# HELP! Where do I start?



## Gazza7682 (Jan 14, 2012)

Hello everyone. 

There is soo much info to take in on these Forums, so I thought I would just ask. :confused2:

Me and the wife are thinking of moving to New Zealand, though I am just in the middle of career change to get my Truck licence class C+E as I have recently passed class C. I have heard that there is a driver shortage over there. Which brings me to Question 1 is this true.

Secondly the wife hasn't been to NZ yet and I just wanted to ask what the best way is to find out if she likes it? Would it be a holiday or to go on holiday working visas? Reason for asking is, that on holidays you only see the nice side of things, you dont get to see how everything is in the country. 

To my third question, If we were to go on a holiday working visa, how would you plan it? i.e where would you stay? book hotel or find a rented accomodation for that period of time? Also how much money would you have to take (minimum) as you might not find work straight away. Unless I am wrong and to get employed is really that easy. ( I have never thought about a holiday working visa in the past, hence why I have so many questions, as I dont want to travel all that way and have to live on the streets) also can you book an open flight?
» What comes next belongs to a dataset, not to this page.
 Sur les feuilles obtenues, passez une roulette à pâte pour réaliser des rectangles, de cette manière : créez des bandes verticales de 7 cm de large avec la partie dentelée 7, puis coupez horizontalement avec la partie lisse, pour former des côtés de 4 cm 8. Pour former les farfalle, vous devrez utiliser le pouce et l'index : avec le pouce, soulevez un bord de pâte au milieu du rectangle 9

Incase you do run out of cash?

I'm sorry I have ranted on but I really hope someone can give me some clarity. I have read websites but some of them tel you what you want to hear. I would rather find out from peoples experiences. :ranger:

Thanks in advance 

Gareth Robinson


----------



## topcat83 (Apr 16, 2009)

Gazza7682 said:


> Hello everyone.
> 
> There is soo much info to take in on these Forums, so I thought I would just ask. :confused2:
> 
> ...


Hi Gareth - welcome to the Forum. Where to start! 
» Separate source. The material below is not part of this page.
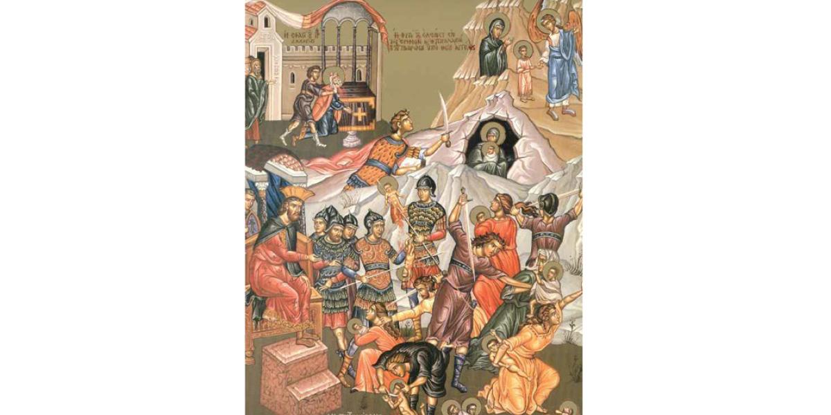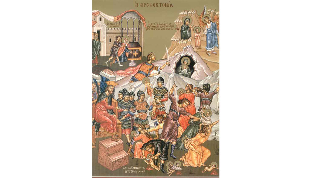 La vremea aceea, mergând cei trei Magi de la Răsărit în Betleemul Iudeii, să se închine Lui Hristos, nu s-au mai întors la Ierusalim ca să-l anunţe pe Irod unde se află dumnezeiescul Prunc.  La porunca îngerului Lui Dumnezeu, Magii de la Răsărit s-au întors cu pace în ţara lor, urmând o altă cale. Văzând că a fost înşelat de magi, regele Irod s-a mâniat foarte tare şi a poruncit uciderea tuturor pruncilor de parte bărbătească din Beleemul Iudeii şi din împrejurimi, gândind că, astfel, îl va ucide pe noul Împărat.  Astfel, s-a împlinit proorocia: Glas se aude în Rama, bocet şi plângere amară. Rahila îşi plânge copiii” (Proorocul Ieremia 31: 15; Evanghelia după Matei 2: 18).

I'm afraid I can't help with the truck driving jobs question - is there anyone else out there with experience? I assume Tauranga and Auckland may be good places for truckies, because of the ports.
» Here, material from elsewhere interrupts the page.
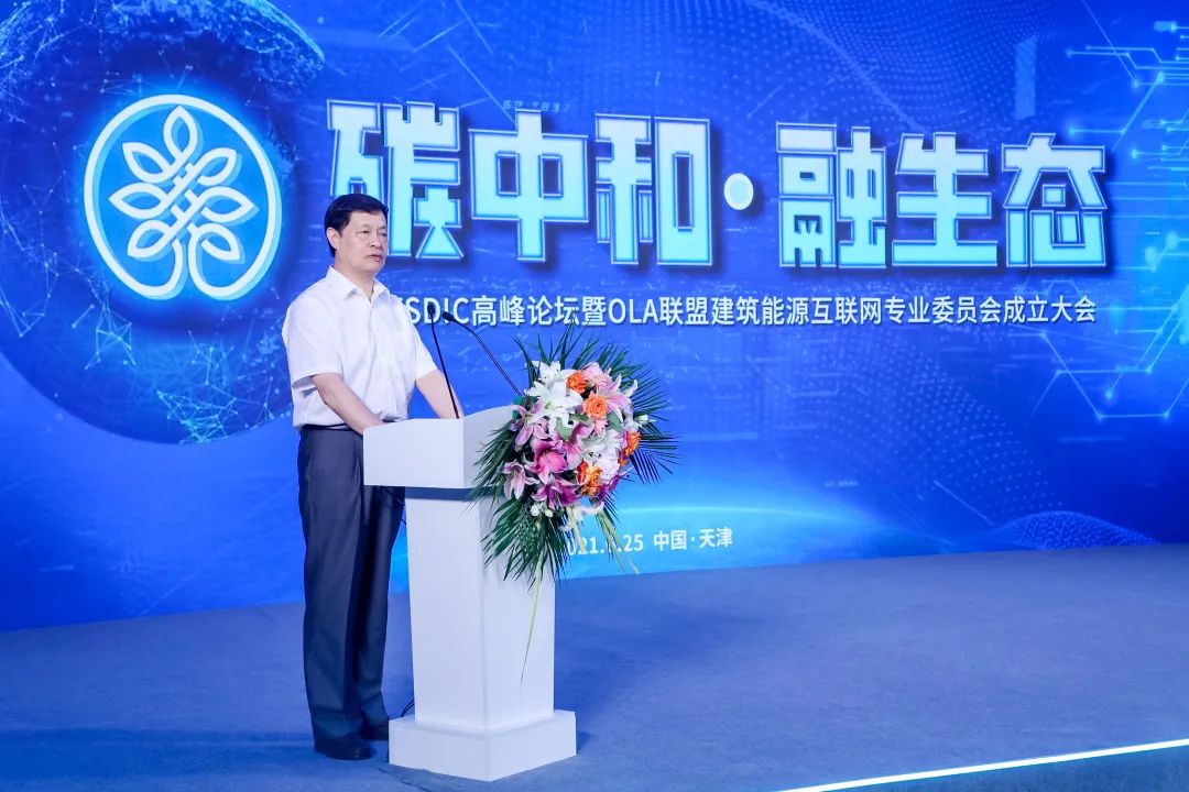 中国工程院院士倪光南,天津市科学技术局局长戴永康,天津市工信局局长尹继辉,中国对外贸易中心党委书记/主任、中国对外贸易中心(集团)董事长、国家会展中心(天津)有限责任公司董事长储士家,中国房地产业协会副会长兼秘书长陈宜明等出席,天津多宝电竞物联科技股份有限公司董事长、中国物联网技术与可持续发展产业联盟理事长、OLA联盟建筑能源互联网专业委员会理事长刘柏呈发表主题讲话。

With regards finding out more about the country - if you can afford the time, then without a doubt an extended visit on a working holiday will give you more time to find out about the country, and the places you'd like to live. Not everyone's cup of tea - but travelling around as bar and waiting staff would mean you weren't stuck inone place and could sample a few areas.

And if you did this, I'd look for a room in a backpackers, cheap holiday cabin or similar - it keeps you flexible, and you're not tied in to accommodation if you find you need to move on.

You can book an open flight, but it would be more expensive. A good compromise would be a flight that allowed you to change the date for a fee (usually 50 GBP / 100 NZD). But read the ticket smallprint. 

Obviously come across with as much back-up money as you can afford, and put that airfare update money and a little bit more somewhere it's difficult to get at. Then you know you can always get home. 

Plan where you want to visit - if you're looking at places to live, you're probably looking at towns - and these are probably where the short-term jobs will be too. Unless you head for the tourist spots where there will be bars and restaurants too. When are you thinking of coming over? There are a couple of prime times to get here and nab the holiday jobs - namely November (just before the summer) and May (for the ski areas). 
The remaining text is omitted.